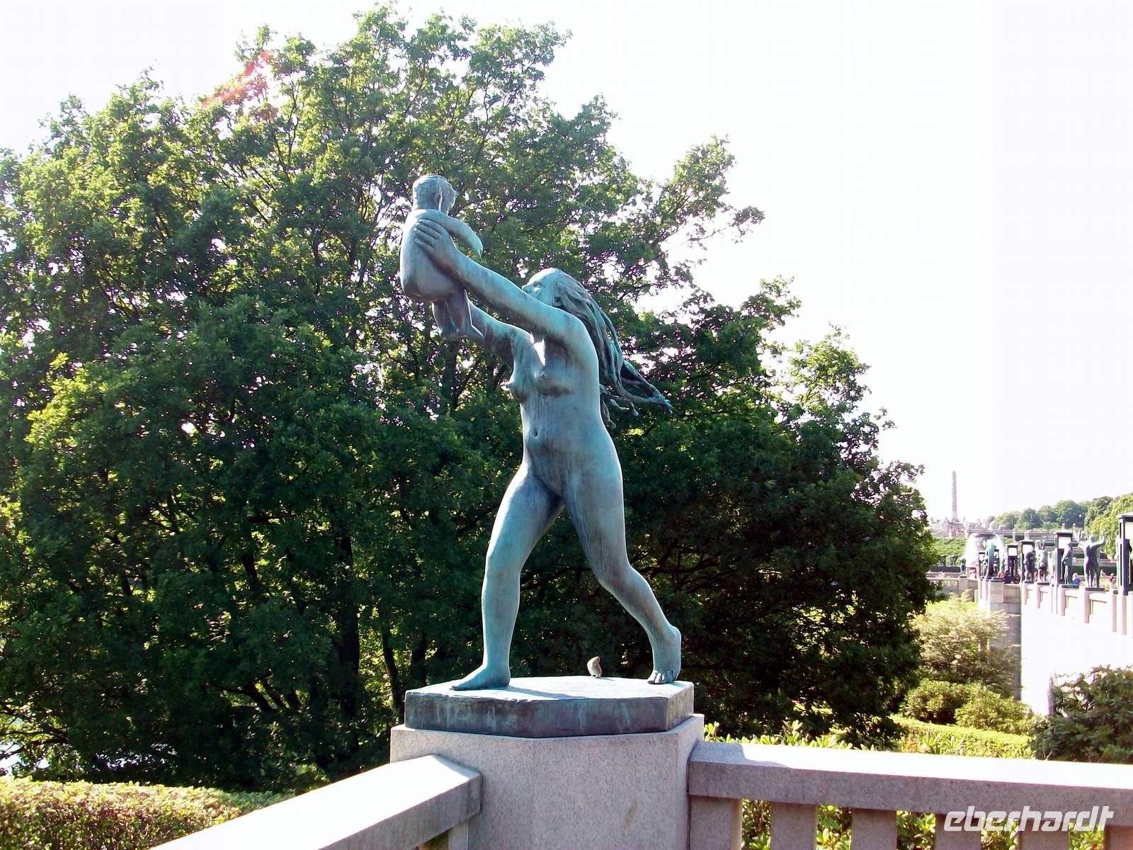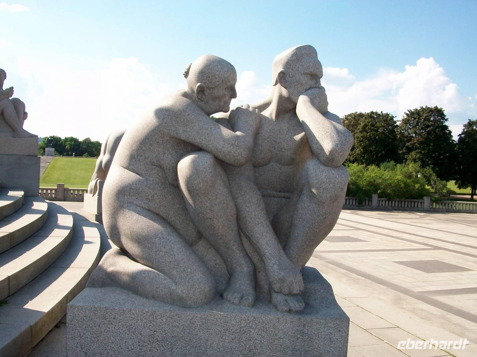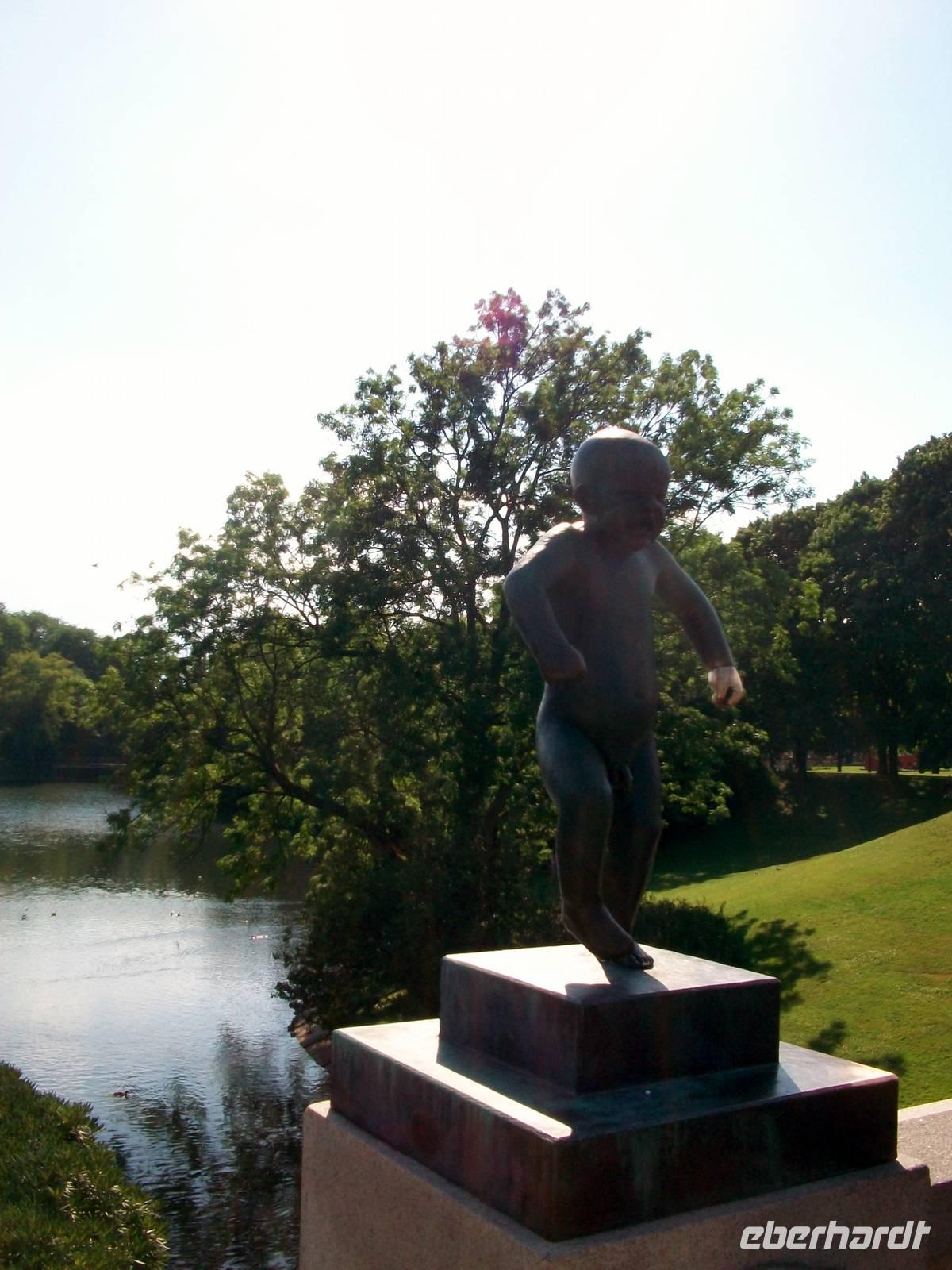 Zum Abschluss unseres Oslo- Besuches spazieren wir noch durch den Vigelandpark. An diesem gepflegten Ort sind die zahlreichen Skulpturen dieses großen Bildhauers zu bewundern; absolut beeindruckend ist die realistische Darstellung menschlicher Körper in einer Dynamik die dicht am richtigen Leben dran ist. Mit unserem Führer Jan erschließen wir uns die Symbolik des Bogens die jeder Mensch beschreibt, von der Geburt bis zum Tod.
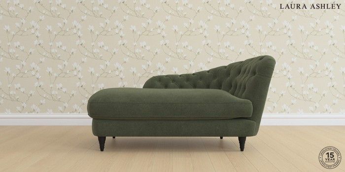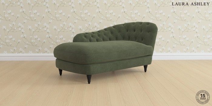 7.0.3 Buy Hathersage by Laura Ashley Chaise Longue Right Hand Lundar Chenille Ivy Green Low Turned - Black from the Next UK online shop Click here to use our accessible website
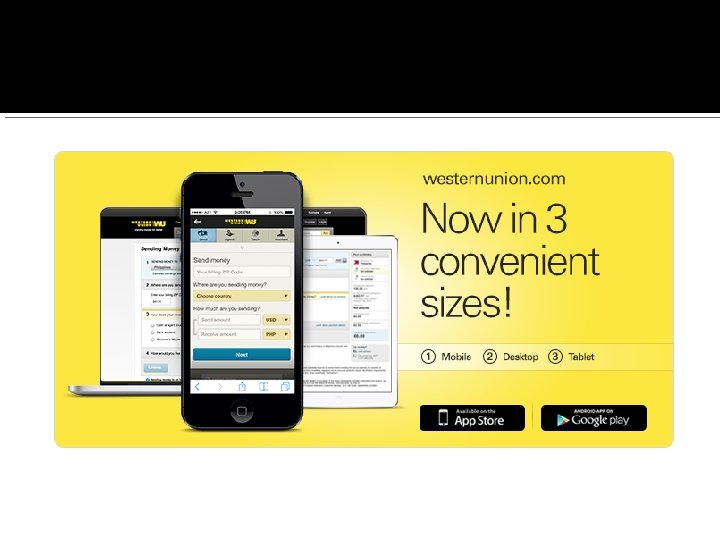 svetski lider u elektronskom transferu novca sa tradicijom poslovanja dužom od 135 godina dostupan na preko 400. 000 zastupničkih lokacija u više od 200 zemalja i teritorija sveta
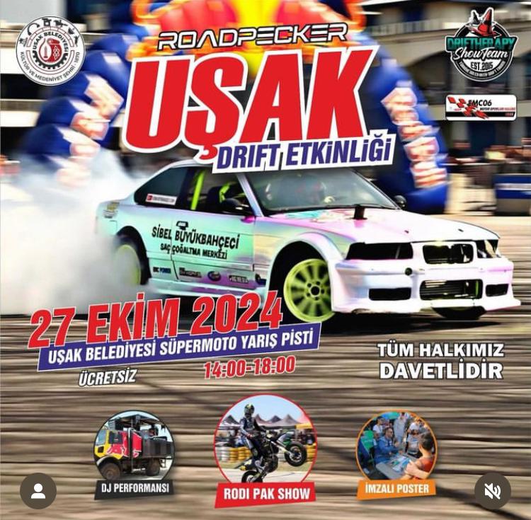 27 Ekim Uşak Belediyesi Süpermoto Yarış Pistinde Drift Therapy grubu tarafından drift şovu, Rodi Pak şov, DJ performansı, imzalı posterler ve sürpriz konukların olucağı ücretsiz etkinlik düzenlenecek.
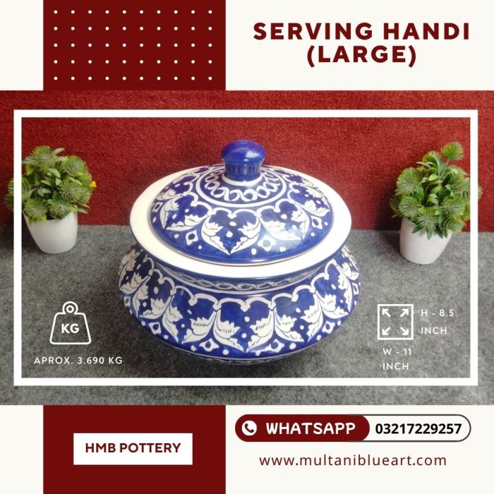 The Multani Blue Pottery Handi Serving (Large) is a handcrafted, traditional ceramic handi, perfect for serving hot and flavorful dishes with an authentic cultural touch. Designed for both home and restaurant use, this handi blends artistic elegance with functionality, making it a must-have for every dining table.
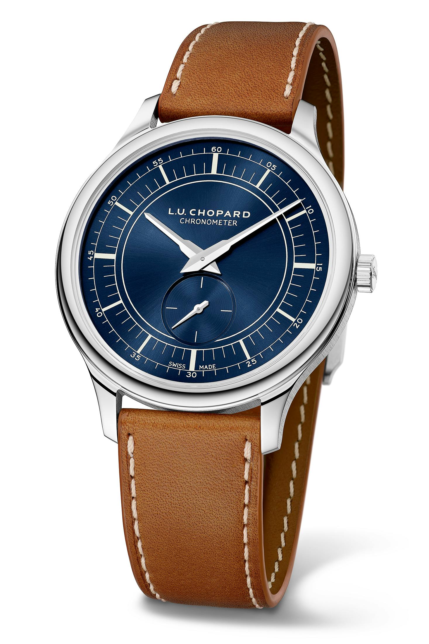 最大のポイントは、“プルシアンブルー”と名付けられた新しいカラーのダイヤルだ。ショパールはこのカラーについて、17世紀当時のプロイセン王国の首都であったベルリンの染物商人によって偶然発見された深く濃密な色彩であり、ショパールが30年前に設立したマニュファクチュールのあるフルリエを擁するヌーシャテル州の独特な歴史に敬意を表するものだとしている。プルシアンブルーについて付け加えると、これは1704年に前述の染物商人によって発見された、深い青色を持つ化学合成によって作られた初の合成顔料である。葛飾北斎が浮世絵で使用した“ベロ藍”としても知られ、着色力が強く、従来の植物性染料にない鮮明で耐光性のある青色を特徴とする。
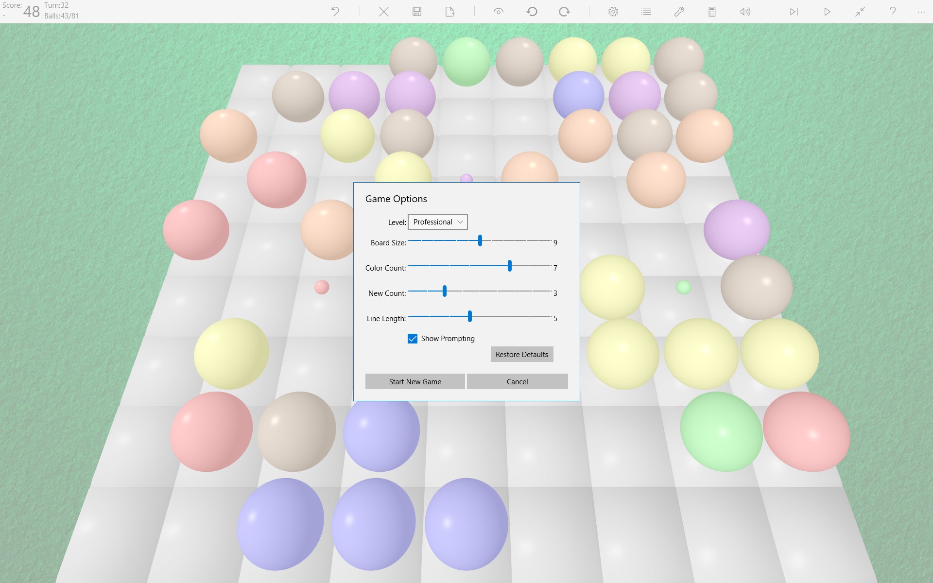By moving the balls on the board you form lines (horizontal, vertical and diagonal) of at least five balls of the same color. Once you formed a line, the balls in this line disappear and you earn some points. If you did not form a line, three new balls are added, and the game continues until the board is full. The goal of the game is to make optimal movements and earn maximum score.
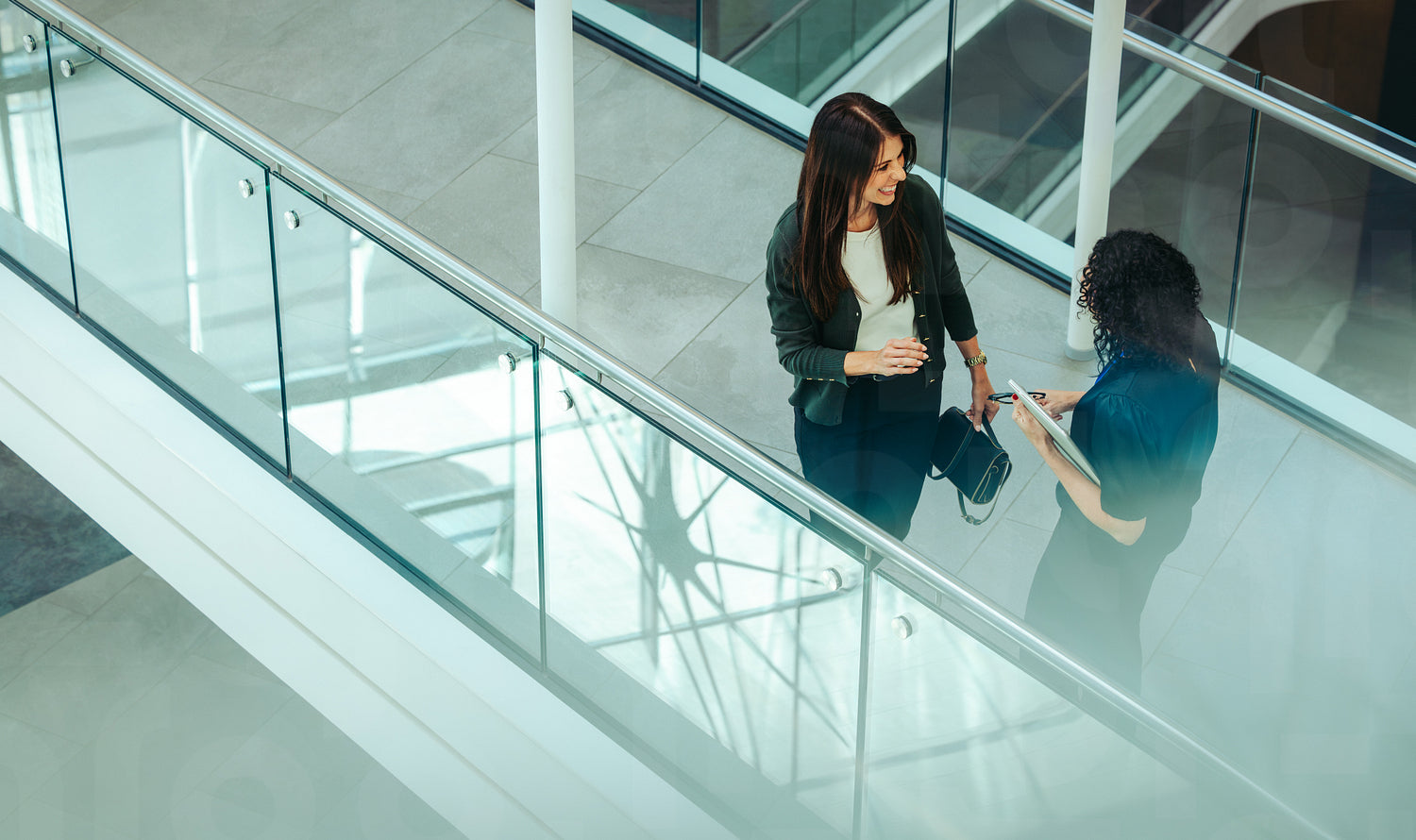 Two businesswomen engage in a friendly conversation while walking through a modern office building. They are discussing work-related topics, reflecting a productive and positive office culture.
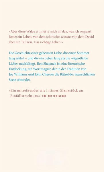 Ben Shattuck über eine geheime Liebe, die Jahrzehnte später wieder zum Klingen kommt - verfilmt mit Paul Mescal and Josh O'ConnorDie Geschichte einer geheimen Liebe, die einen Sommer lang währt - und die ein Leben lang als die »eigentliche Liebe« nachklingt: Im Schatten des Ersten Weltkriegs lernen sich Lionel und David, zwei Musikstudenten, in einer verrauchten Bar im ländlichen Maine kennen und werden Freunde. Nach dem Krieg wandern sie im Sommer durch die Wälder New Englands, um Volkslieder zu sammeln, die sie auf Wachszylinder aufnehmen. Aus unerklärlichen Gründen bricht der Kontakt ab. Als Jahrzehnte später eine Frau beim Aufräumen eines Dachbodens die Wachszylinder findet, erklingt ihre Liebe noch einmal aufs Neue. Ben Shattuck ist eine literarische Entdeckung - ein Wortmagier, der in der Tradition von Joy Williams und John Cheever die Rätsel der menschlichen Seele erkundet.

* _What is expected_:
Would you give again, exactly, the lines in the data above that run from the line containing "27 Ekim Uşak" to the line containing "The Multani Blue"? Include both ends and no pictures.

* _Exercise solution_:
 27 Ekim Uşak Belediyesi Süpermoto Yarış Pistinde Drift Therapy grubu tarafından drift şovu, Rodi Pak şov, DJ performansı, imzalı posterler ve sürpriz konukların olucağı ücretsiz etkinlik düzenlenecek.
 The Multani Blue Pottery Handi Serving (Large) is a handcrafted, traditional ceramic handi, perfect for serving hot and flavorful dishes with an authentic cultural touch. Designed for both home and restaurant use, this handi blends artistic elegance with functionality, making it a must-have for every dining table.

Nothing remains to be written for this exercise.